KabarOto.com – PT Pertamina (Persero) memastikan pasokan bahan bakar di semua Lembaga Distribusi Bahan Bakar Satu Harga yang tersebar di 125 daerah tertinggal, Perbatasan dan Terluar (3T).

Pertamina telah mendistribusikan 25.657 KL BBM, termasuk Premium 18.014 KL dan Solar 7.643 KL ke semua Agen Distribusi yang telah berhasil didirikan oleh Pertamina pada periode 2017–2019 di Pertamina MOR VIII wilayah Maluku – Papua.

Khusus untuk daerah yang sulit dijangkau, Pertamina menyiapkan pesawat khusus untuk transportasi bahan bakar tipe ATR dengan kapasitas 4.000 liter.

"BBM Satu Harga adalah komitmen Pertamina untuk menyediakan energi yang adil bagi semua orang Indonesia, terutama di daerah 3T. Sesuai dengan amanat Undang-Undang, terutama UU Migas No. 22 tahun 2001 dan UU Energi No. 30 tahun 2007, Pertamina memiliki tugas untuk membuka aksesibilitas dan ketersediaan dan menyediakan energi berkelanjutan, "jelas Manajer Unit Komunikasi, Hubungan & CSR, MOR VIII, Brasto Galih Nugroho.

Baca juga: Berkat Energi Pertamina Berhasil Digelar di Kota Medan

Program BBM One Price, lanjut Brasto, akan berlanjut di area 3T sehingga pada akhirnya semua wilayah 3T akan memiliki akses dan kemudahan energi yang terjangkau.

Karena alasan ini, pada tahun 2019, Pertamina menargetkan secara nasional untuk mendirikan lembaga penyalur di 29 wilayah 3T yang sulit dijangkau karena keterbatasan infrastruktur.

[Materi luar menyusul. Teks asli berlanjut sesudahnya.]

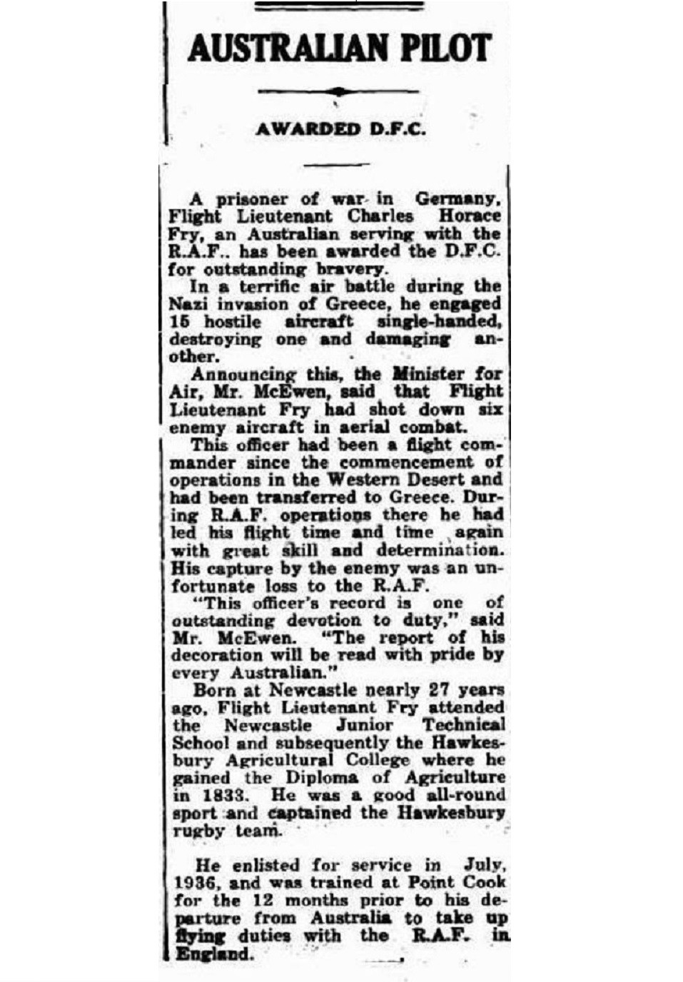 As the war continued, Charles was promoted to Flight Commander and served in the Battles of Greece and Crete (1941), fighting both Italian and German foes. In May 1941, during the invasion of Greece, he engaged 15 hostile aircraft, singlehandedly destroying one and damaging another. During this action, his Hurricane Fighter aircraft was shot down. Charles managed to parachute to safety. Despite being wounded and unable to fly, he remained with his squadron, protecting its assets and personnel and assisting with their evacuation. For his bravery during this costly campaign Charles was awarded the Distinguished Flying Cross (DFC). When announcing this commendation, Air Minister, Mr. McEwen, noted that “Flight Lieutenant Fry had shot down six enemy aircraft in serial combat.” This was a slight exaggeration of the events, but was well received by the media and the Australian public.

Khususnya di wilayah Maluku, Papua, 4 poin BBM One Price dibangun, melengkapi 36 poin yang sudah beroperasi.

Kehadiran Satu Harga BBM di wilayah Maluku di Papua dinikmati oleh banyak Usaha Mikro, Kecil dan Menengah (UMKM) di wilayah 3T untuk mengembangkan bisnis mereka. Berbagai bisnis, termasuk transportasi, perdagangan, industri rumah tangga, perikanan, dan pertanian terus berkembang seiring dengan kemudahan dan ketersediaan bahan bakar dengan harga terjangkau.

"Satu Harga BBM telah mendorong kegiatan ekonomi di daerah 3T, karena orang semakin bisa mendapatkan akses ke BBM. Harga bahan bakar yang sebelumnya sekitar Rp. 10.000 hingga Rp. 50.000 per liter kini telah turun menjadi Rp. 6.450 (premium) dan Rp. 5.150 (diesel) di pompa bensin atau "agen penyalur BBM resmi Pertamina," kata Brasto.

Baca juga: Tidak Ada Perubahan Ganti Oli dari Layanan Pertamina Lubecare Mobile, Ada Diskon!

Satu Harga BBM telah mendorong efisiensi biaya transportasi, harga barang, terutama kebutuhan pokok juga mengalami penurunan, sehingga pertumbuhan ekonomi di kawasan ini meningkat pesat.

"Kehadiran One Price BBM adalah energi yang mendorong pertumbuhan ekonomi di wilayah 3T. Sesuai dengan tagline BUMN Present untuk Negara, Pertamina akan terus mendistribusikan energi ke seluruh pelosok negara, tanpa henti," simpul Brasto.